======== Record set

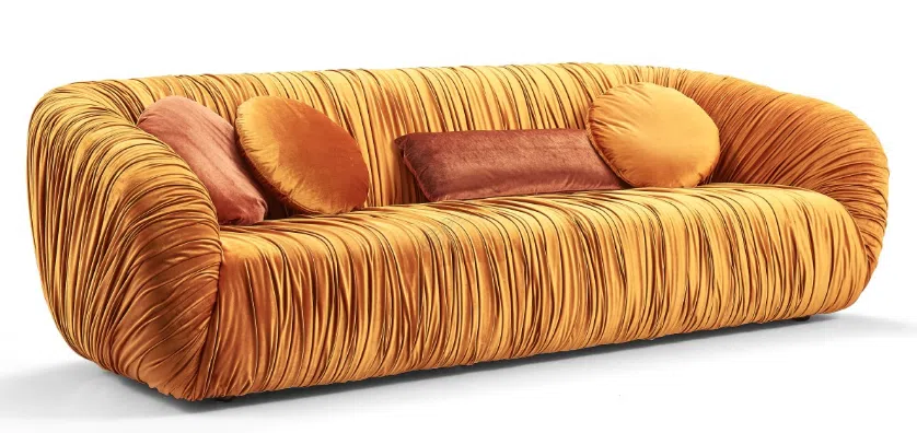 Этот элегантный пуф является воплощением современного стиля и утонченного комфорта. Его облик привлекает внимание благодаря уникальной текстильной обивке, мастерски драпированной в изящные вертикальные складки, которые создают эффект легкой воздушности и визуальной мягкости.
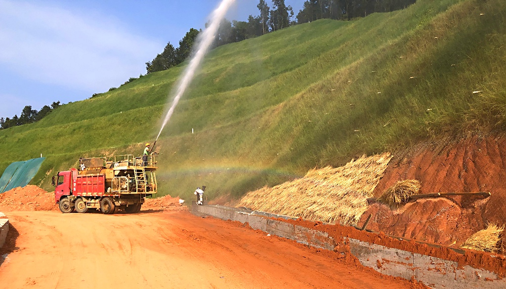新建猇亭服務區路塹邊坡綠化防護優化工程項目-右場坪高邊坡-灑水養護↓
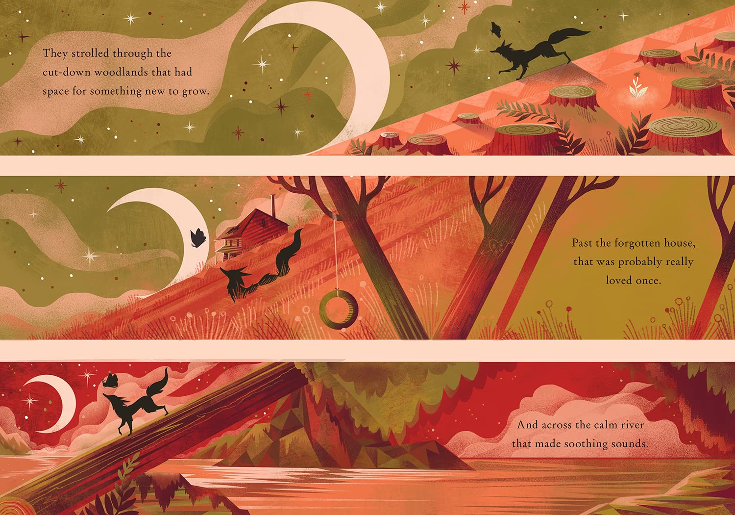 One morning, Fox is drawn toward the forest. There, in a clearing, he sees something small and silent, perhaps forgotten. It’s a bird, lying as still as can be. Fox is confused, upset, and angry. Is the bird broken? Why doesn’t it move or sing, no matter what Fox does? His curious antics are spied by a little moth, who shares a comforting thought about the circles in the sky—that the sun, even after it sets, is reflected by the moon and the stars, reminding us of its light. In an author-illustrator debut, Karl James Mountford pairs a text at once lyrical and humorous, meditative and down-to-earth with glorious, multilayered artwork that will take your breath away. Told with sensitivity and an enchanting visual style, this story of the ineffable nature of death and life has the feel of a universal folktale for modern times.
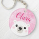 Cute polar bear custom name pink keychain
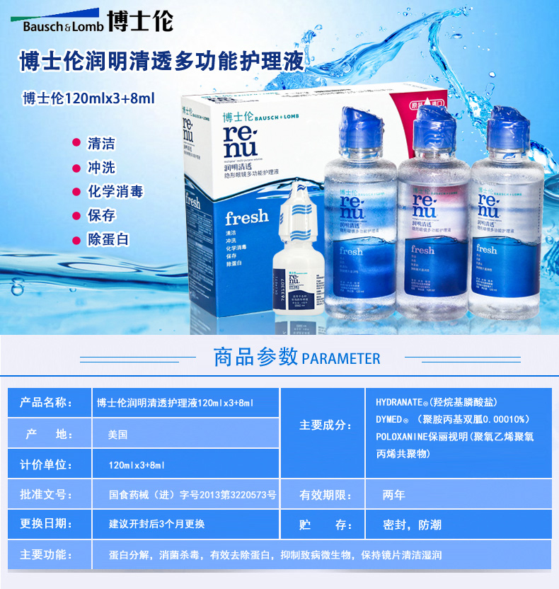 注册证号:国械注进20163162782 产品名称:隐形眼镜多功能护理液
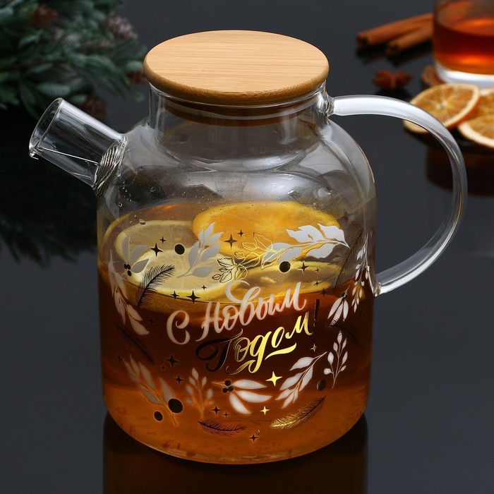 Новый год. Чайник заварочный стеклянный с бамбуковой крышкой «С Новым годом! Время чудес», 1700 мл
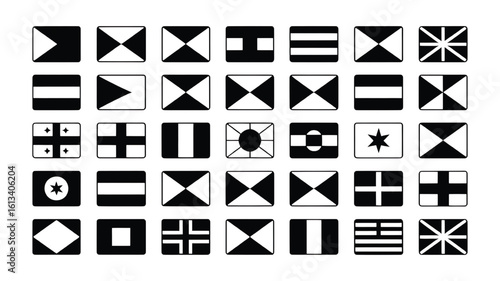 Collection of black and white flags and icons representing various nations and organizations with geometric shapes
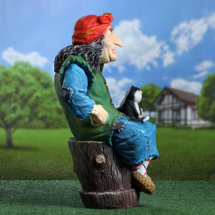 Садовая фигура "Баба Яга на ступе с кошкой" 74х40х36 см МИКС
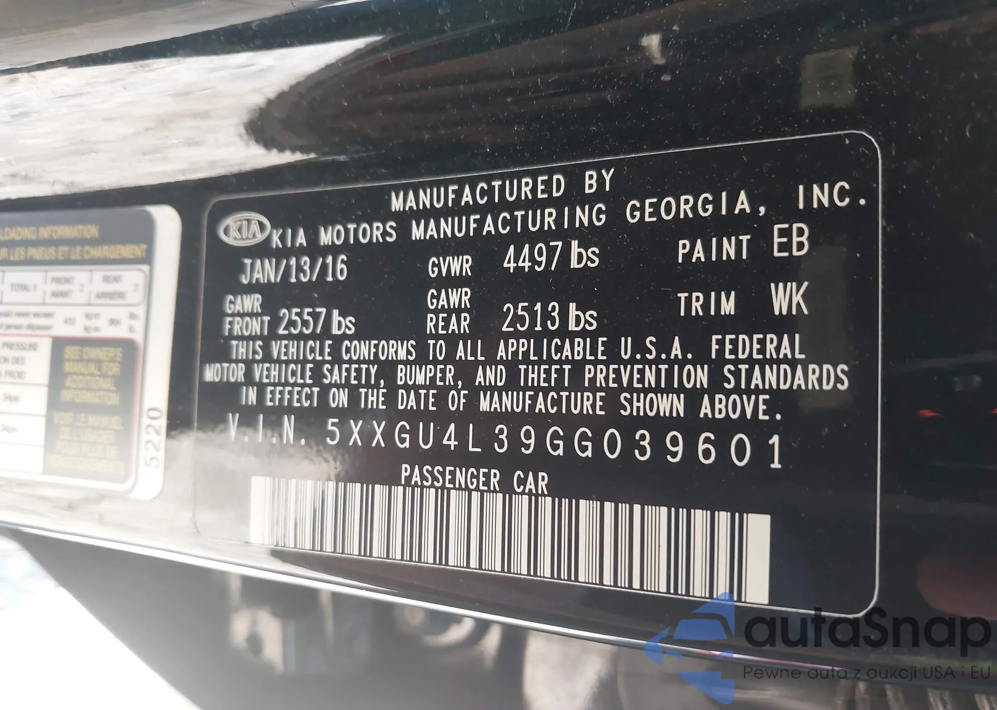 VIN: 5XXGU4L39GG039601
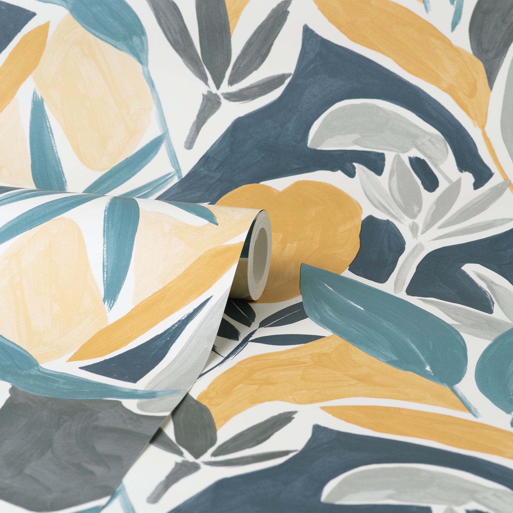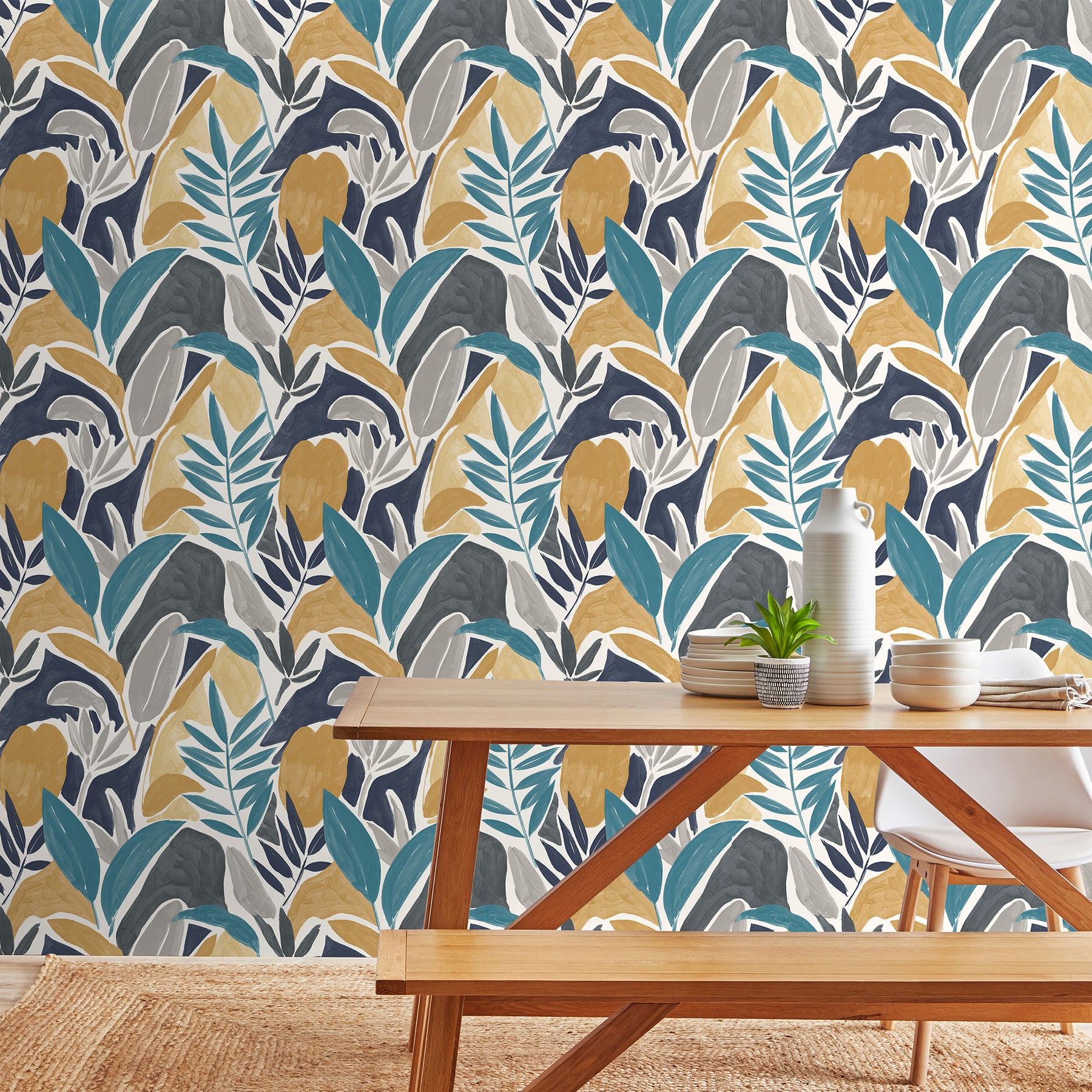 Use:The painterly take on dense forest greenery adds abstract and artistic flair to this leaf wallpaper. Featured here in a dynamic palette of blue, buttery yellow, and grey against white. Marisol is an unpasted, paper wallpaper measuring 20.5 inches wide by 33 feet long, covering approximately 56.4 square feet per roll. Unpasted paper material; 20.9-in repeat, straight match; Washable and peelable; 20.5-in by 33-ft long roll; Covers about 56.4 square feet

================

Try it —
Exclude the images and reproduce the remaining data exactly.

Your response —
 Этот элегантный пуф является воплощением современного стиля и утонченного комфорта. Его облик привлекает внимание благодаря уникальной текстильной обивке, мастерски драпированной в изящные вертикальные складки, которые создают эффект легкой воздушности и визуальной мягкости.
新建猇亭服務區路塹邊坡綠化防護優化工程項目-右場坪高邊坡-灑水養護↓
 One morning, Fox is drawn toward the forest. There, in a clearing, he sees something small and silent, perhaps forgotten. It’s a bird, lying as still as can be. Fox is confused, upset, and angry. Is the bird broken? Why doesn’t it move or sing, no matter what Fox does? His curious antics are spied by a little moth, who shares a comforting thought about the circles in the sky—that the sun, even after it sets, is reflected by the moon and the stars, reminding us of its light. In an author-illustrator debut, Karl James Mountford pairs a text at once lyrical and humorous, meditative and down-to-earth with glorious, multilayered artwork that will take your breath away. Told with sensitivity and an enchanting visual style, this story of the ineffable nature of death and life has the feel of a universal folktale for modern times.
 Cute polar bear custom name pink keychain
 注册证号:国械注进20163162782 产品名称:隐形眼镜多功能护理液
 Новый год. Чайник заварочный стеклянный с бамбуковой крышкой «С Новым годом! Время чудес», 1700 мл
 Collection of black and white flags and icons representing various nations and organizations with geometric shapes
 Садовая фигура "Баба Яга на ступе с кошкой" 74х40х36 см МИКС
 VIN: 5XXGU4L39GG039601
 Use:The painterly take on dense forest greenery adds abstract and artistic flair to this leaf wallpaper. Featured here in a dynamic palette of blue, buttery yellow, and grey against white. Marisol is an unpasted, paper wallpaper measuring 20.5 inches wide by 33 feet long, covering approximately 56.4 square feet per roll. Unpasted paper material; 20.9-in repeat, straight match; Washable and peelable; 20.5-in by 33-ft long roll; Covers about 56.4 square feet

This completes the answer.